Returns the display data associated to a pipeline component.

It should be reimplemented in pipeline components that wish to have static display data.

Returns:

Dict[str, Any]: A dictionary containing key:value pairs. The value might be an integer, float or string value; a DisplayDataItem for values that have more data (e.g. short value, label, url); or a HasDisplayData instance that has more display data that should be picked up. For example:

{
  'key1': 'string_value',
  'key2': 1234,
  'key3': 3.14159265,
  'key4': DisplayDataItem('apache.org', url='http://apache.org'),
  'key5': subComponent
}
class schrodinger.seam.io.chemio.ReadMolsFromFile(file_pattern: Union[str, Path], silent=False, **kwargs)

Bases: _LocalOnlyPTransform, ReadMolsFromFile

Read a file containing a newline separated list of SMILES strings and return a PCollection of RDKit molecules.

Invalid SMILES strings are skipped.

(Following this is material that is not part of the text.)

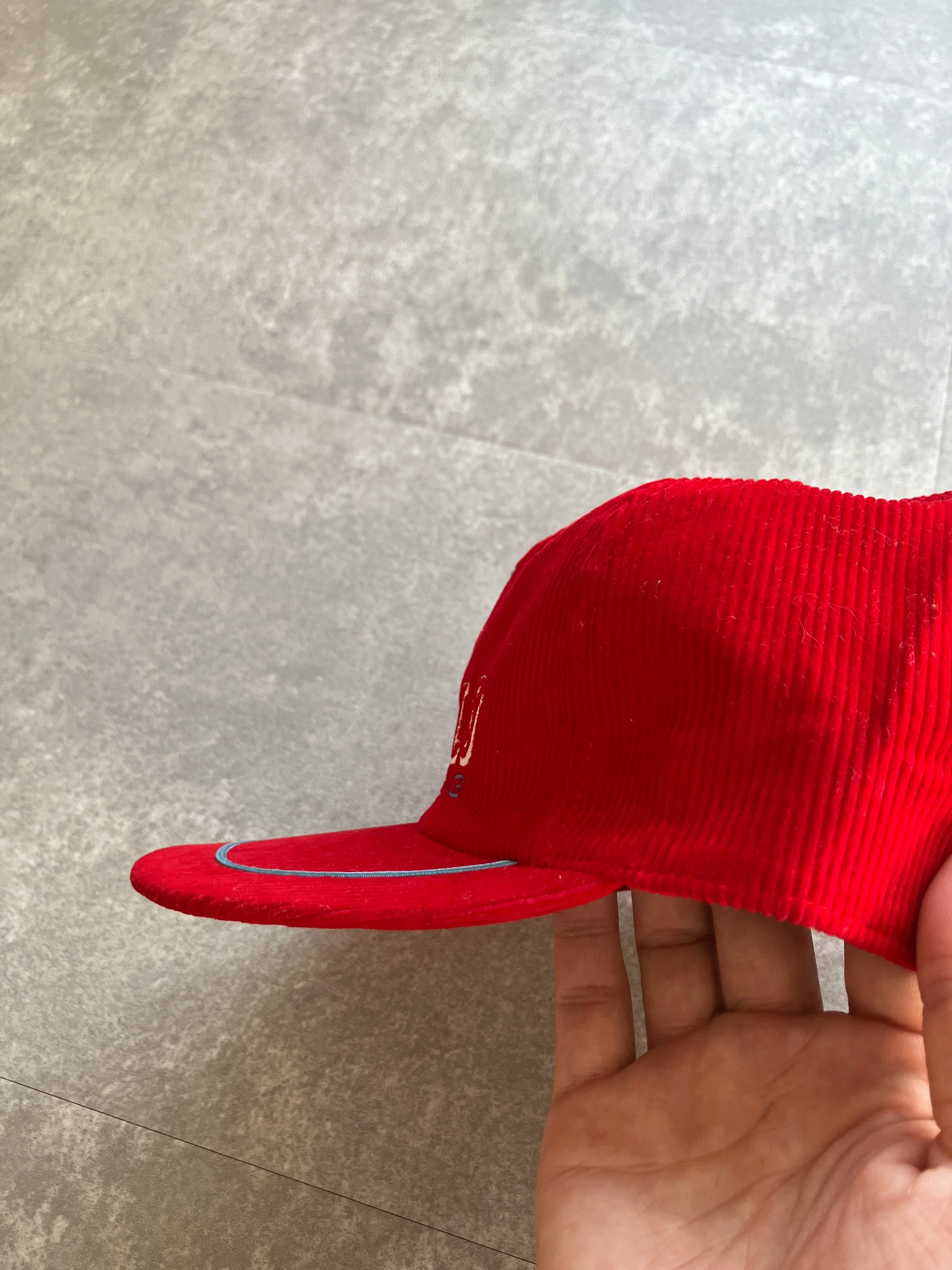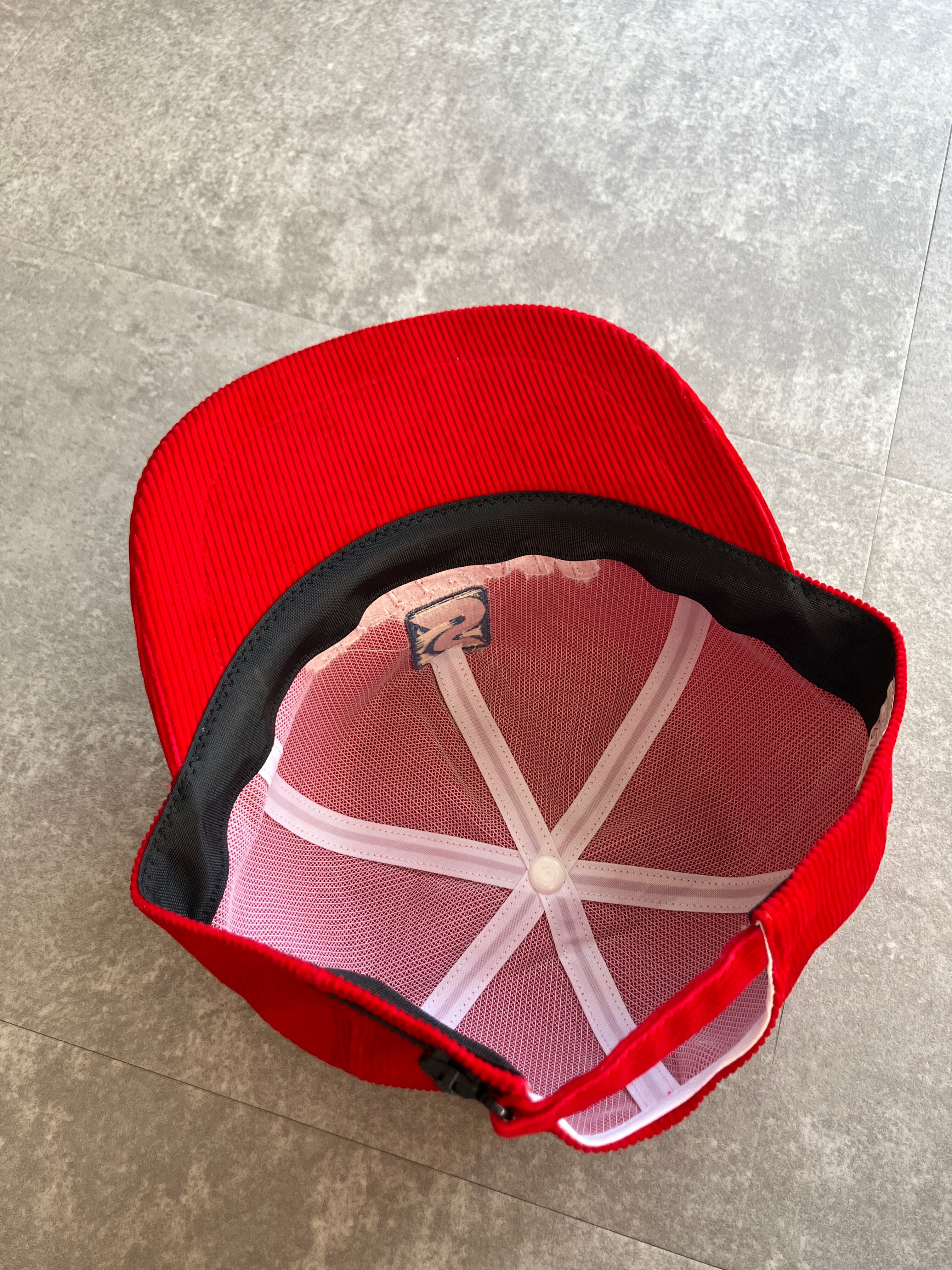 刺繍&3連の刺繍デザインが秀逸ですし、アウトラインのみ刺繍されたテキストフォントもかっこいい、細畝のコーデュロイ(コットン素材)も最高です

A warning is printed if silent is set to False.

Example:

>>> from pathlib import Path
>>> infile = Path('test.smi')
>>> _ = infile.write_text("C\nCC\nCCC")
>>> Path('num_atoms.txt').unlink(missing_ok=True)
>>> with beam.Pipeline() as p:
...     _ = (p
...     | ReadMolsFromFile(infile)
...     | beam.Map(lambda m: m.GetNumHeavyAtoms())
...     | textio.WriteToText('num_atoms.txt'))
>>> with open('num_atoms.txt') as f:
...     num_atoms = sorted(int(line.strip()) for line in f)
>>> num_atoms
[1, 2, 3]
Parameters:

file_pattern – A file name or glob pattern.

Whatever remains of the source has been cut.